2009 Fiscal Year Annual Research Report
非典型的カルパインPalBHによる神経成長因子の機能制御
Project/Area Number |
09J06274
|
Research Institution | Nagoya University |
Principal Investigator |
大迫 洋平 Nagoya University, 生命農学研究科, 特別研究員(DC1)
|
Keywords | カルパイン / 神経成長因子 / プロテアーゼ / エンドサイトーシス / ESCRT / IST1 |
Research Abstract |
申請者らは酵母を利用した実験により、ヒトcalpain 7(PalBH)と、神経成長因子受容体p75^<NTR>の相互作用因子MAGE-D1などが結合するという予備的知見を得ていた。そこで、MAGE-D1が培養動物細胞内においてもcalpain 7と相互作用するか検討した。エピトープタグを付加したMAGE-D1を人為的に発現させた場合にはcalpain 7と相互作用したが、細胞に元々発現しているMAGE-D1とcalpain 7との相互作用は、良質な抗MAGE-D1抗体が入手できず、検出できなかった。また、mRFP(赤色蛍光蛋白質)を融合したp75^<NTR>の恒常発現細胞を樹立し共焦点レーザー顕微鏡を用いて細胞内局在の観察を試みたが、mRFP-p75^<NTR>は細胞内に蓄積し本来の局在を反映しておらず、calpain 7との共局在の検討には至らなかった。 申請者らはこの他に、N末端側に単量体GFP(緑色蛍光蛋白質)を融合したcalpain 7(mGFP-calpain 7)を細胞に発現させると自身のプロテアーゼ活性により分解(自己消化)する可能性を見出していた。自己消化の証明のため、C末端側にエピトープタグを付加したmGFP-calpain 7を培養細胞に発現させ、精製した。この精製蛋白質は試験管内でも培養細胞内と同様に分解したことから、今まで不明であったcalpain 7自身のプロテアーゼ活性が初めて証明された。

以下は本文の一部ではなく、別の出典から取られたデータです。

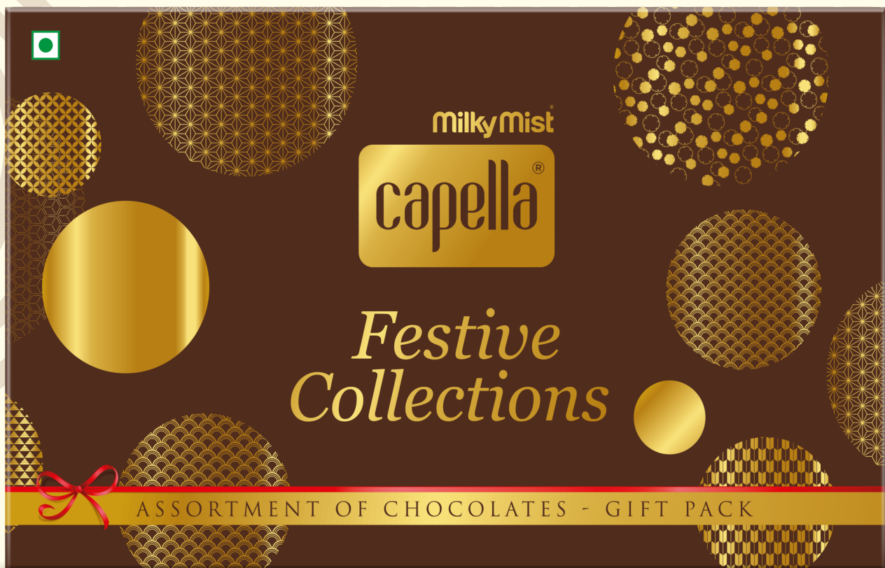
CHOCOLATES GIFT BOX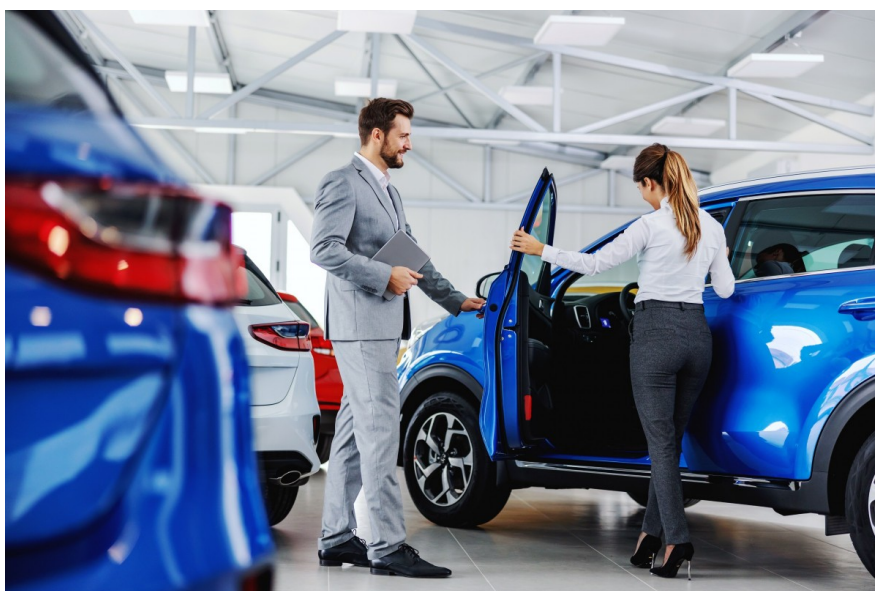
Strong auto sales contributed to robust September retail sales

A robust US retail sales report for September plus upward revisions to August's report reinforce the view that the US economy likely expanded at a 4% annualised rate in the third quarter. Headwinds are set to intensify, but for now the US consumer continues to defy the odds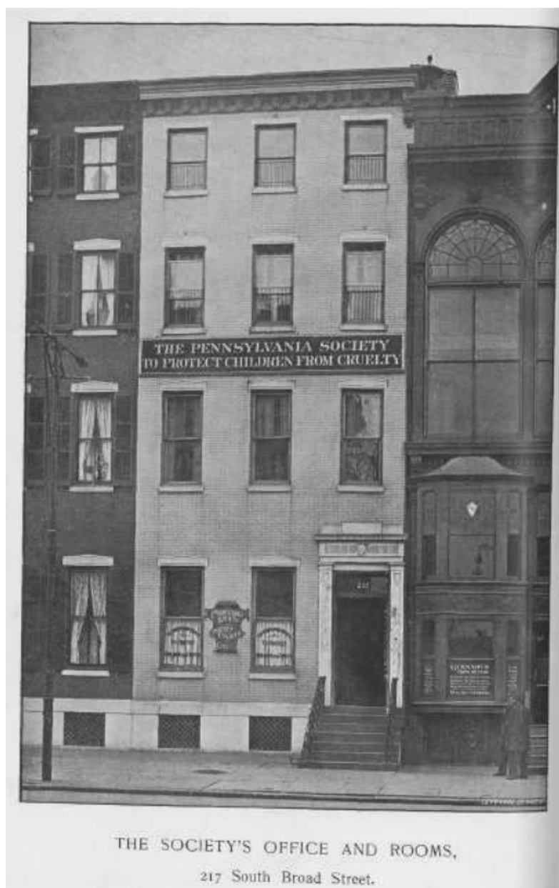
Offices of the Pennsylvania Society to Protect Children from Cruelty in the late nineteenth century.

I looked to investigate these contradictions through a historical analysis of administrative data. The field's definition of administrative data as data produced from service delivery, and as a product of computational enhancements and policy changes in the 1990s, enabled a political and strategic forgetting of "the archive." Importantly, this forgetting failed to acknowledge the fact that computational media are simulations of physical precedents. [6] What my reading here offers is a demonstration of how administrative data, the information powering data-driven governance today, is unique in its ability to simultaneously provide a valuation and represent children and families' social and cultural variables, through the cost and labor of services that produced the data collected. To contest the grounding assumptions for how we understand data and documentation today, [7] I turned to early child welfare annual report archives from 1877 to 1923 to better understand the precedents and historical trajectory of administrative data.

さらに、当研究室で新たにcalpain 7との相互作用を検出したIST1(エンドサイトーシスや細胞分裂に関与する蛋白質複合体、ESCRTの関連因子)により自己消化は促進された。この結果はcalpain 7のプロテアーゼ活性の解明に繋がる知見であり、calpain 7が神経成長因子受容体などのエンドサイトーシスに寄与する可能性を示すものである。